In the current political climate, regulators will take a very close look, said Joel Mitnick, a partner in the antitrust division of Cadwalader, Wickersham & Taft LLP and a former Federal Trade Commission lawyer.
“Any proposed transaction is likely to get attention from the antitrust enforcement agencies with a high likelihood of a second request even though the proposed transactions may have no antitrust implications,” Mitnick said.
Still, Google and Fitbit are pressing ahead. Google has never built its own smartwatches and its software for other companies’ wearable devices isn’t very popular, a point the company will likely make to justify why the deal won’t harm competition.
Alphabet Inc.’s Google is a leader in digital data though, and Fitbit would give it a new stream of valuable health and activity data from Fitbit’s more than 28 million users. The purchase will mean Apple Inc. and Google control more than half of the global smartwatch market. Apple had 46% of this growing sector at the end of the second quarter, while Fitbit had 10%, according to research firm Strategy Analytics.
In the US, Apple and Google will be even more powerful because Fitbit has a larger share of the domestic market for smartwatches and fitness trackers. In the second quarter, Fitbit got almost six times more market share in North America than in the Asia Pacific region, according Strategy Analytics. And several other smartwatch makers use a Google operating system to run their devices, giving the internet giant an even bigger net to scoop up people’s digital health and fitness data.
“The merger arguably could reduce quality to consumers due to weakened data privacy protections,” Rie, the Bloomberg Intelligence analyst, wrote on Friday. “This is a developing theory of harm in M&A antitrust review and enforcers will likely assess the risk.”
Margrethe Vestager, the European Union’s antitrust chief, recently called for more rules to rein in how companies collect and use information. In August, she called tech giants “robot vacuum cleaners” sucking up valuable data in a way that can undermine competition. “Platforms like Google and Facebook, they collect data from consumers, not just the posts we like on Facebook or the searches we make on Google, but much more unexpected things,” she said.
The Fitbit deal is Google’s second major acquisition this year. It agreed to buy cloud services company Looker in June for $2.6 billion. The antitrust division of the Justice Department is seeking more information on the deal to determine whether the tie-up harms competition. Google argues the tie-up isn’t anti-competitive because Google is well behind Amazon.com Inc. and Microsoft Corp. in the cloud-computing market.
Doubling down on acquisitions while being investigated for anti-competitive practices will provoke a political backlash, said Matt Stoller, a fellow at the Open Markets Institute, which studies and recommends competition policies.

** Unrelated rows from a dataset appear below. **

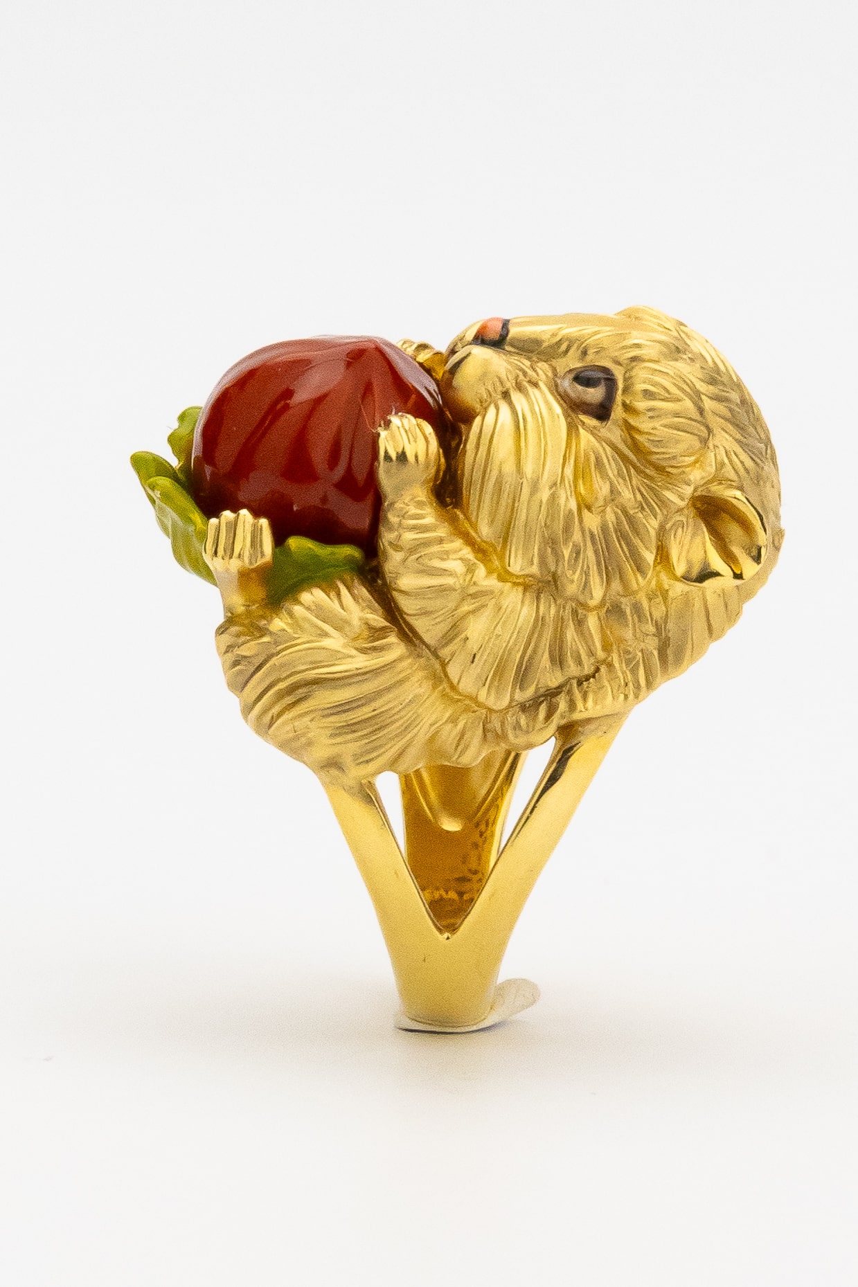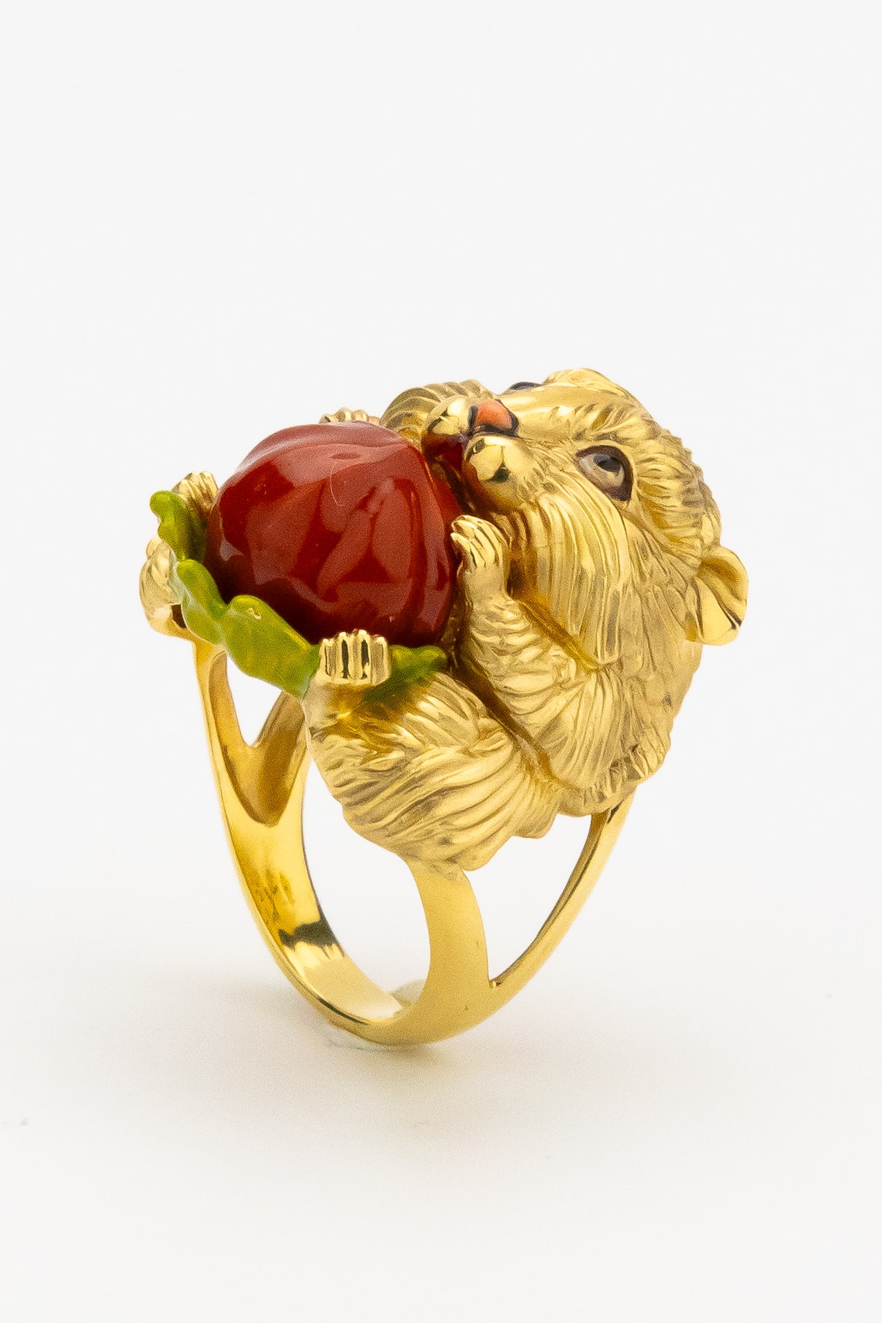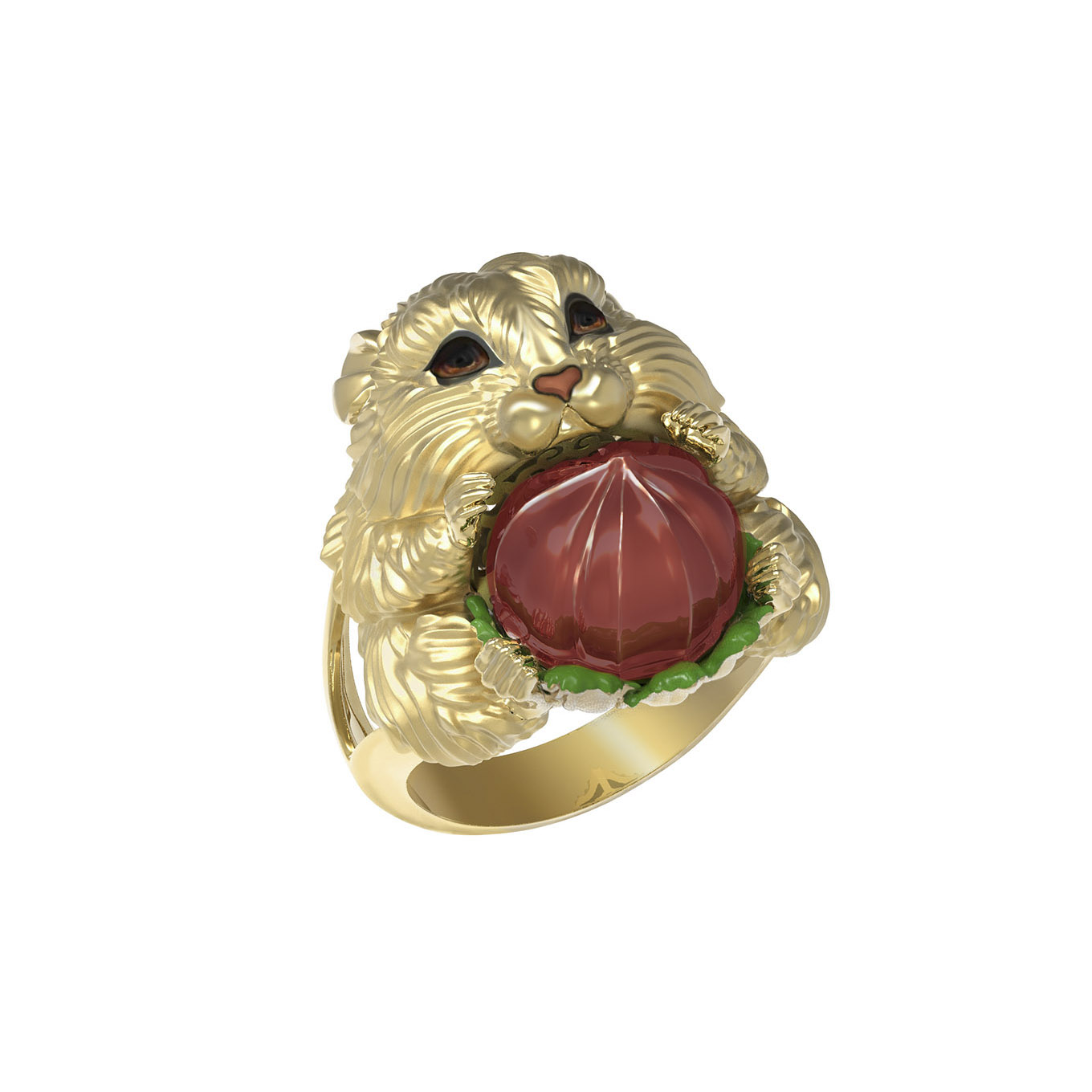 Оригинальное кольцо из лимонного золота 585 пробы из коллекции De luxe Premium — Хомяк станет ярким акцентом в вашем образе. Это ювелирное изделие, выполненное в необычном дизайне с изображением животного, подчеркивает индивидуальность и любовь к нестандартным решениям в украшениях. Центральным элементом дизайна является миниатюрная фигурка хомяка, которая приковывает к себе внимание детальной проработкой фактуры и выразительным исполнением.
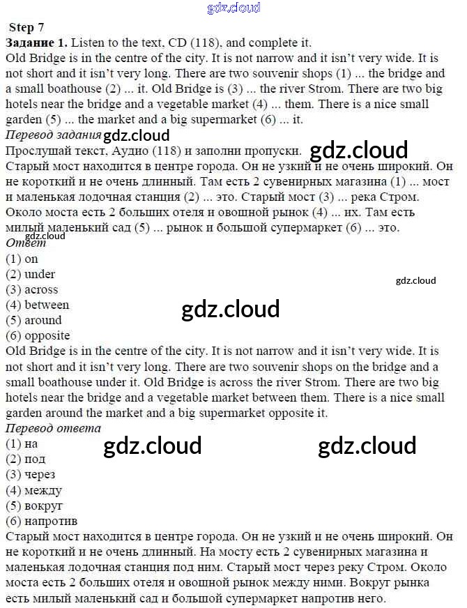 Step 7 Ответы к Unit 5. From Place to Place по Английскому языку 5 класс Учебник Афанасьева Rainbow Часть 1, 2 Дрофа
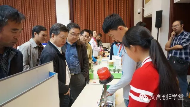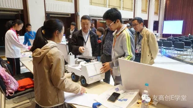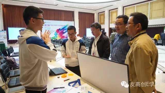 評委在展示區(qū),仔細觀看選手們演示作品并提出相應問題。
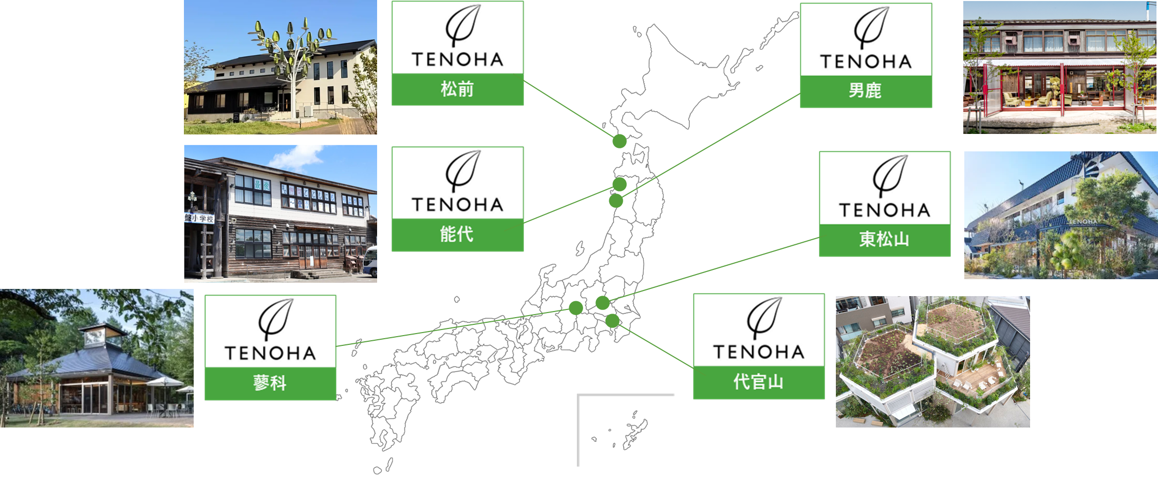 TENOHA(テノハ)は、「手のひら」と「葉」の造語です。施設を大きな木、新しいライフスタイルを沢山の葉として、ものを作り出す手と手が、重なり合う葉のように広がり、新しい時代やものに向けて人やモノ・サービスが育っていく場所であることを体現。地域の人々と手と手をたずさえて、沢山の葉を増やし、更に大きな木へと成長する場を目指している。

Google is putting regulators “in an impossible position,” he added. “They want it all and they don’t see any reason not to get it all.”
Rick Osterloh, senior vice president of devices and services at Google, said Fitbit health and wellness data will not be used for Google ads, and that the company will “never sell personal information to anyone.”
This isn’t the first time Google has promised to keep data from a purchased company separate from its own. The company made similar commitments when it bought advertising-technology company DoubleClick. Years later, the two companies’ databases were combined. When it bought smart thermostat maker Nest in 2014, Nest co-founder Matt Rogers said “Nest data will stay with Nest.” Less than a year later, that changed and Google connected some of its apps to Nest’s system. The blog post has been taken down and Rogers is no longer at Google.
That track record will raise skepticism among politicians and consumers, Stoller said.
Regulators could require Google to make a legal commitment not to use Fitbit data for advertisements or other purposes through a consent decree that could carry penalties if Google breaks it, Mitnick said.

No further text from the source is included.